Suppose that we have std::map container and we want to make it thread safe in terms of insert, erase, search and edit records. At the same time we want the threads can work with different records in parallel (read and edit records). To do this, I made a separate class for record - edit operation, which protected with mutex.
class Data
{
public:
Data(const std::string& data) : _mutex(), _data(data) { }
void setData(const std::string& data)
{
std::lock_guard<std::mutex> locker(_mutex);
_data = data;
}
const std::string& getData() const { return _data; }
private:
std::mutex _mutex;
std::string _data;
};
class Storage
{
public:
void insertData(size_t key, const std::string& data)
{
std::lock_guard<std::mutex> locker(_mutex);
_storage[key] = data;
}
void eraseData(size_t key)
{
std::lock_guard<std::mutex> locker(_mutex);
_storage.erase(key);
}
const std::string& getData(size_t key) const { return _storage[key].getData(); }
void setData(size_t key, const std::string& data) { _storage[key].setData(data); }
private:
std::mutex _mutex;
std::map<size_t, Data> _storage;
};
Now suppose that the thread grabbs "local" mutex of the some record to edit (Data::setData method call). In the same time, other thread grabbs "global" mutex to delete this record (Storage::eraseData method call) - are there any problems? What other problems are possible in this code?

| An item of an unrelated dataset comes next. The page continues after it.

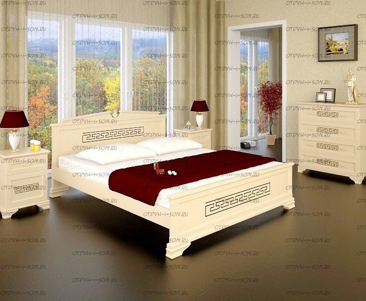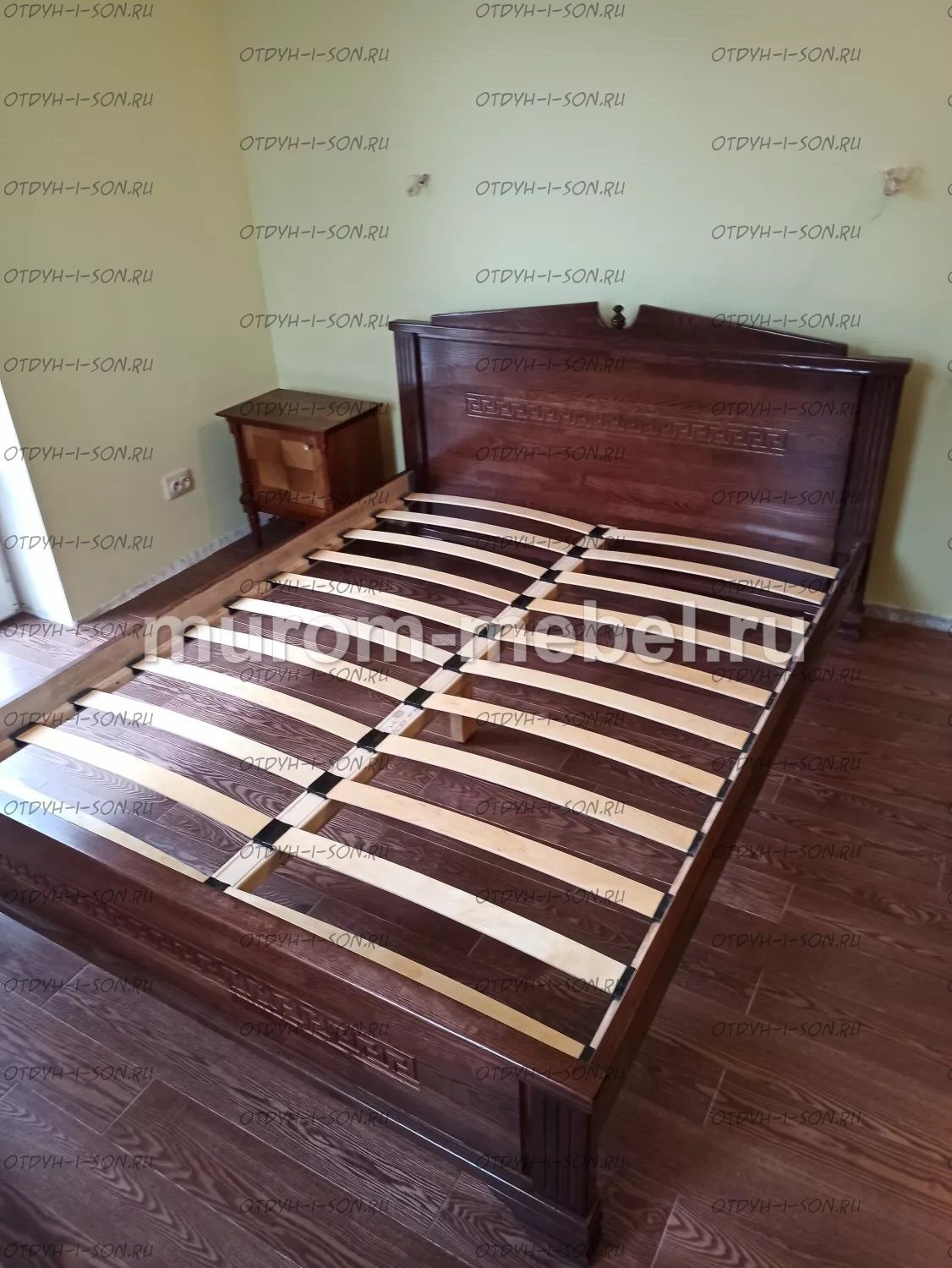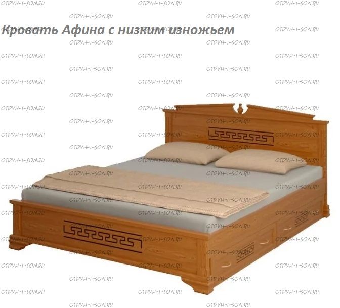 Кровать Афина Характеристики: Размер спального места: 80х190/195/200, 90х190/195/200, 120х190/195/200, 140х190/195/200, 160х190/195/200, 180х190/195/200, 200х190/195/200 см. Комбинированная кровать: Массив сосны и вставки из экологически чистой мебельной фанеры Спинка в изголовье имеет резные элементы с художественной резьбой Габариты кроватей: Высота днища кроватей: с матрасом 45см. Высота от пола до спального места: 25 см. Высота от пола до царги: 19 см. Ширина царги - 16 см., из них 10 см. составляет бортик, который держит матрас, остальные 6 см. под спальным местом, закрывают собой фурнитуру Основание кровати: подматрасники, ламельное основание - за дополнительную плату Ламельное основание: да, в комплекте Подкроватные ящики: за дополнительную плату Ящики изготавливаются на колесиках и не прикрепляются к кровати, поэтому могут устанавливаться "лицом" к любой из боковыйх сторон кровати. Высота спинки кровати: головная 88-90см. ножная 60-65см., нестандарт возможен. Крепления кровати: В базовом варианте с тыльной стороны ящиков декоративной планки не предусмотрено. Вес: 50кг. Объем:0,26 м3 Любые размеры, в том числе и нестандартные Цвет: венге 1, венге 2, венге 3, венге 4, венге тон 2, коричневый тон 2, коричневый 1, коричневый 2, коричневый 3, коричневый 4, красно-коричневый тон 2, красно-коричневый 1, красно-коричневый 2, красно-коричневый 3, красно-коричневый 4, лак Изготовление из массива березы плюс 30% Изготовление в белом цвете или слоновая кость плюс 20%

Solve your concurrency problems first. This is a C++14 solution, because the C++11 version is much more verbose, and we don't have all the locking primitives we want:
template<class T>
struct thread_safe {
template<class F>
auto read( F&& f ) const {
std::shared_lock<decltype(mutex)> lock(mutex);
return std::forward<F>(f)(t);
}
template<class F>
auto write( F&& f ) {
std::unique_lock<decltype(mutex)> lock(mutex);
return std::forward<F>(f)(t);
}
template<class O>
thread_safe(O&&o):t(std::forward<O>(o)) {}
thread_safe() = default;
operator T() const {
return o.read([](T const& t){return t;});
}
// it is really this simple:
thread_safe( thread_safe const& o ):t( o ) {}
// forward to above thread safe copy ctor:
thread_safe( thread_safe & o ):thread_safe( const_cast<thread_safe const&>(o) ) {}
thread_safe( thread_safe && o ):thread_safe(o) {}
thread_safe( thread_safe const&& o ):thread_safe(o) {}
thead_safe& operator=( thread_safe const& o ) {
write( [&o](auto& target) {
target = o;
});
return *this;
}
template<class O>
thread_safe& operator=( O&& o ) {
write([&o](auto& t){ t = std::forward<O>(o); });
return *this;
}
private:
T t;
mutable std::shared_timed_mutex mutex;
};
this is a thread safety wrapper around an arbitrary class.
We can use this directly:
typedef thread_safe< std::map< size_t, thread_safe<std::string> > > my_map;
here we have our two level thread safe map.
Example use, setting entry 33 to "hello":
my_map.write( [&](auto&& m){
m[33] = "hello";
} );
this has many-readers, single-writer on each element and on the map as a whole. Returning an iterator from a read or write call is not safe.
Naturally you should test and audit the above code. I didn't.
The core idea is pretty simple. To read, you have to .read the thread safe object. The lambda you pass in gets a const& to the underlying data. On std:: data, those are guaranteed to be multi-reader safe.
To write, you must .write. This gets an exclusive lock, blocking out other .reads. The lambda here gets a & to the underlying data.
I added operator T and = and copy-construct to make the type more regular. The cost of this is that you can accidentally generate a lot of lock/unlock behavior. The advantage is that m[33] = "hello" just works, which is awesome.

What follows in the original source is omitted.